Allocco’s research is providing evidence that what students are learning as Multifaith Scholars is helping them gain skills, adopt attitudes, and develop strategies that are allowing them to thrive in their careers. The research “demonstrates in an evidence-based way that these competencies matter,” she says. “That they connect to careers, that they make students desirable to employers. That they make them better global citizens as they go into a range of careers.”

As institutions of higher education are increasingly pressured to defend the value of a liberal arts education and as they constantly assess and refine their curricula to prepare students for a rapidly changing world and job market, Allocco says that “it’s pressing that we ask these questions, and demonstrate how our disciplines directly connect to the ‘real world.’” Her research draws on assessment data from student reflections, an annual tracking of learning outcomes, semi-annual assessments of mentors and mentoring practices, and an external assessment of the program “to indicate how this developmental, blended approach that offers instrumental and psychosocial supports and takes account of student identities can produce knowledgeable, high-achieving multifaith leaders with valuable professional skills.”

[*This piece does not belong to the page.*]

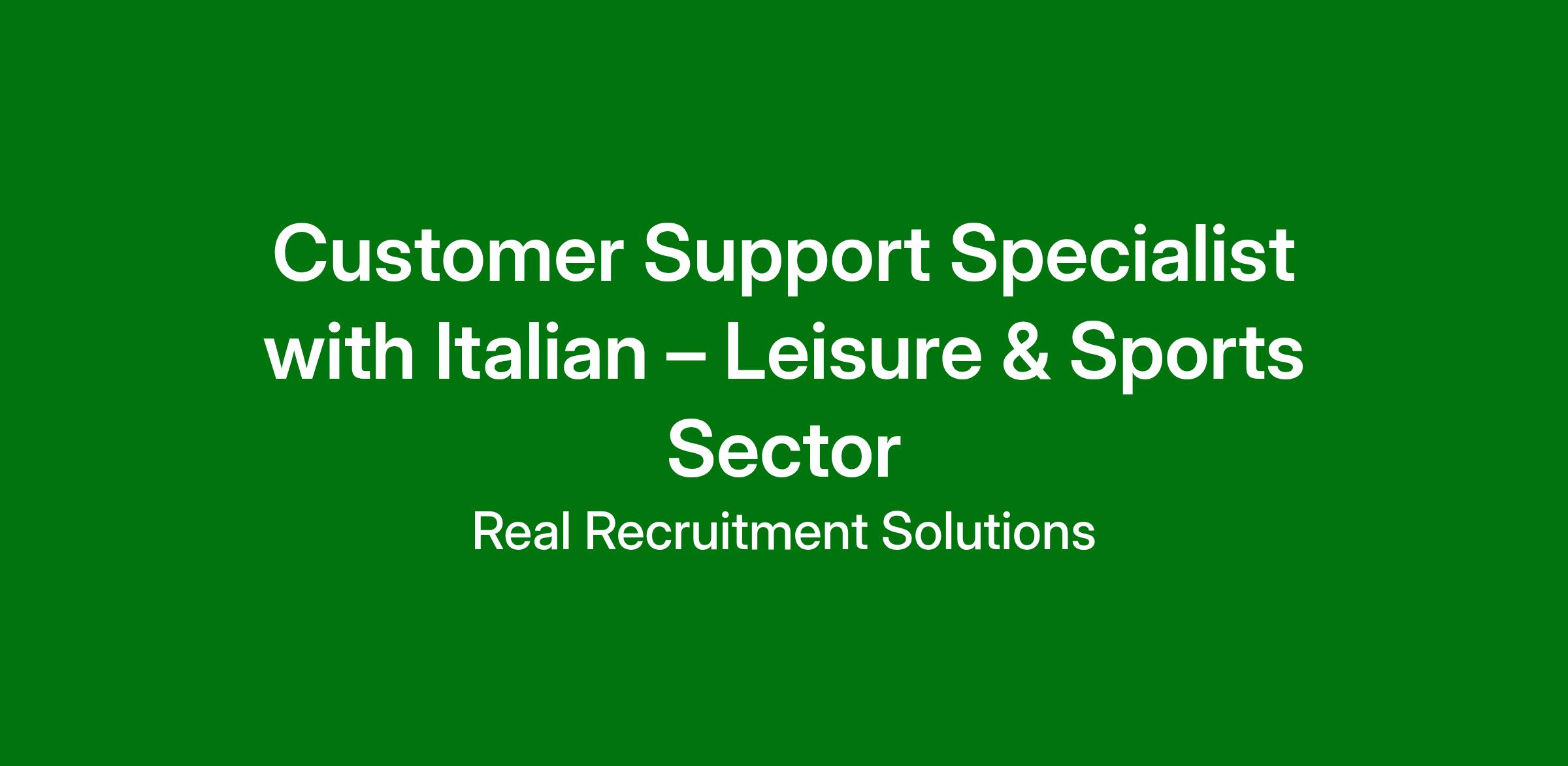 We are looking for a Customer Support Specialist to join our team in the leisure and sports sector. This role requires excellent communication skills in Italian (C1) and good working knowledge of English (B1).

More about this research will soon be available in her forthcoming article titled “Negotiating the Applied/Theoretical Dilemma at the Intersection of Interreligious Studies and Global Citizenship,” to be published in the Journal of Interreligious Studies.

Celebrating SoTL: Scholarship of Teaching and LearningAs she has collected data on the Multifaith Scholars program and engaged in the scholarship of teaching and learning to document the outcomes she sees in these students, she appreciates how the project has given her a way “to argue for the social impact and social justice potential of learning about diverse religious traditions in a way that is not detached from other concerns but rather tells an engaging and compelling story about, frankly, making the world a better place.” Elon University has exceptionally strong multifaith curricular and co-curricular initiatives, and the Multifaith Scholars program is a national model for helping students to become interculturally agile global citizens.

Each year, Elon’s Center for Research on Global Engagement provides grants to support high-quality research designed to strengthen Elon’s commitment to diversity and global engagement. Learn more about CRGE’s funding opportunities.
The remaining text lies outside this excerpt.